Another game, another injury. Another challenge, another set of imperfect solutions. It could be any other week in recent times. This time it’s Charnze Nicoll-Klokstad who is going to spend two weeks on the sidelines, joining
everyone in Canberra a full forward pack and a couple of stray outside backs there. Yet again the Raiders’ roster is poised to handle it, yet again the solutions are imperfect.
Nicoll-Klokstad of course, has been a revelation in Canberra, transitioning so fast from ‘speculative add-on’ to ‘future building block’ in a single throbbing heartbeat of your enamoured author. He’s a strong and eager ball runner. His kick return is often noted, and his work in yardage in second to none. He doesn’t limit this work to ‘backs’ sets that often accompany the Milk coming off their own line. He also gets involved in ‘forwards’ sets, often taking the third carry of a set after Papalii and another prop have done their work. His creativity as a second man outside Wighton and Williams on sweeps remains a work in process (as we’ve noted in these pages ad nauseum) but he’s made enough progress in 2020 to suggest it’s worth persisting with. He’s been shakier under the high ball this season than last, a perplexing change who’s sudden arrival suggests a confidence issue more than any technical problems.

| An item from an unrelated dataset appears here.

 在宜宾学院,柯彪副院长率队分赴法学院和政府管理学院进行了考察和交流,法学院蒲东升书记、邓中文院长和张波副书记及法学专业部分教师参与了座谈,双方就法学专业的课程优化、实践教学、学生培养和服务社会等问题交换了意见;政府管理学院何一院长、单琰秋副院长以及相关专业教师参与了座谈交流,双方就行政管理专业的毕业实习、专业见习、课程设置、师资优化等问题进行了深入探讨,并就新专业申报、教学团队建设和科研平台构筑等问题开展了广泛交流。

His best work however, is done as the spak-filler in theRaiders defence. When Wighton moved into the front-line I noted that the Milk would be unable to find someone to reprise his role as chief bacon-saver. Nicoll-Klokstad, while not as physically imposing as Wighton, has done a similar job. There are so many examples, and it’s become so regular that when he was unable to stop Dane Gagai sliding in coverage this weekend I was surprised. While John Bateman, Jack Wighton and a faster pack are often pointed to as being the chief cause of the Green Machine’s defensive improvement, Charnze has also been integral in this.

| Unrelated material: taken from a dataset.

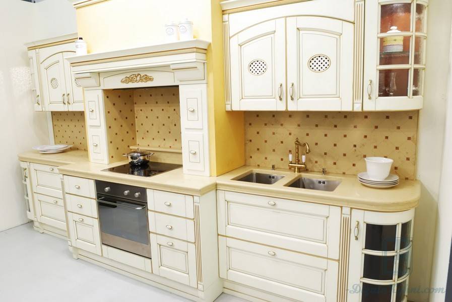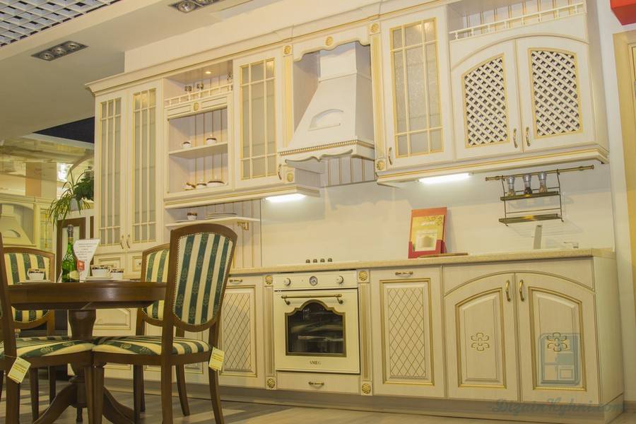 Еще одно достоинство плиты МДФ – она хорошо поддается обработке и принимает любую форму, что делает ее излюбленным материалом для дизайнеров. Выполненная из него классическая кухня с резьбой, карнизами и множеством декоративных элементов очень внешне похожа на вариант из массива.

If the solution was to simply to mach the best of these qualities then bringing Jordan Rapana into the spot makes the most sense. He was Coach Stuart’s first preference against the Rabbitohs, and gives much of the hard-running yardage work and diligent defence you expect from Charnze. He even went one better with a tremendous try saver against Souths. As a fellow back three member he’s relatively capable under the high ball. He’ll be best used running powerful lines around Wighton and Whitehead on the left (and as I said in the review, may reprise those beautiful lines Jack used to run inside Smelly or Croker). If there’s a limitation of his ability at this position it’s that he’s even less developed than Nicoll-Klokstad as a ball-player, but probably twice as keen to try. Given it’s likely a short-term spot, he’ll have no time to develop that skill either. It’s not a death knell for the offence, but an adjustment that will need to be made.

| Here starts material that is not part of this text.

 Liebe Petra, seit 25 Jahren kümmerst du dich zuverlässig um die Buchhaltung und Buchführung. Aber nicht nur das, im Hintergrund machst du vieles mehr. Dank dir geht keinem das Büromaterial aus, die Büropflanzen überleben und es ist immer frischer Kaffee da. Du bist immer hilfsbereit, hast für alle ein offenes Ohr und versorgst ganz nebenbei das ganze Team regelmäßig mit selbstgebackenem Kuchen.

Sticky’s second option was Nic Cotric and he offers many of the charms of Rapana. Getting Nic around the ball a bit more makes a lot of sense – he’s impossible to tackle, and could really turn some middle defenders to dust with his powerful fend and quick step. He’s probably the safest under the high ball, and as capable as any in yardage work. Whether or not he’s the defender Charnze or Jordy is at fullback is not clear to me, but he’s robust when given a shot in the front-line. He’s similarly limited as a ball player – anyone that remembers him trying to execute a basic left-to-right pass to Croker against the Roosters last year can attest to that.
Casting a wider net, Harley Smith-Shields could be an option, though with only limited experience in first grade it seems cruel to put him such a crucial defnesive position. So much of the roll of the fullback is ensuring the positioning of defenders matches the opposition attacking formations. This often requires identifying attacking movements before they happen (as well as being confident enough in those decisions to adjust the defensive numbers accordingly.. Smith-Shields’ 20 minutes in first grade wouldn’t be enough time to build the skills it takes to make those decisions (though that’s not to say he doesn’t already have them). Another ‘left-field’ solution would be to bring Jack Wighton back to fullback, and he could do the job, but no one else can do the job he does at six (either offensively and defensively). You’d be making such a defensive sacrifice that it would outweigh any benefit gained from his play back there. And that doesn’t even speak to the backwards-ass concept of weakening your primary ball-playing position to strengthen a secondary one.
This should be the chief consideration. Each of these solutions involves a trade-off, dragging someone from the front-line to the back. Who is most important to the front line and how do you balance that with what they’ll give at the back? Moving Wighton from the front-line removes one of the most important defenders. Moving Cotric removes the only experienced right centre. Moving Rapana moves the most experienced outside back from his preferred position. In terms of keeping the disruptions to a minimum, there’s no good solution.
The likely outcome is the Raiders will have to play Smith-Shields and Valeima until the rest of the injured backline finds a way back to health. It seems best to put them in position they are comfortable with, rather than squeezing them in around experienced players who can handle many of these positions without too much fuss. That would lead to the first choice of Rapana to the back, Smith-Shields to right centre, Nic Cotric to the wing. There have also been suggestions that John Bateman may play right centre, which would be excellent if he’s healthy. It would allow Cotric to stay on the wing with Rapana at the back. Smith-Shields could still be carried as a spare back on the bench (the Raiders’ luck suggests they need the coverage), which is a more reasonable approach to acclimatising him to first grade.
Irrespective of choice, it’s another challenge for the Milk. After having to manufacture a forward pack for so many weeks, they’re now having to MacGyver a backline from rookies and second rowers. It’s not ideal, but nothing about 2020 is. Canberra will just have to do like they’ve been doing, and like we’ve all been doing this year: find a way through.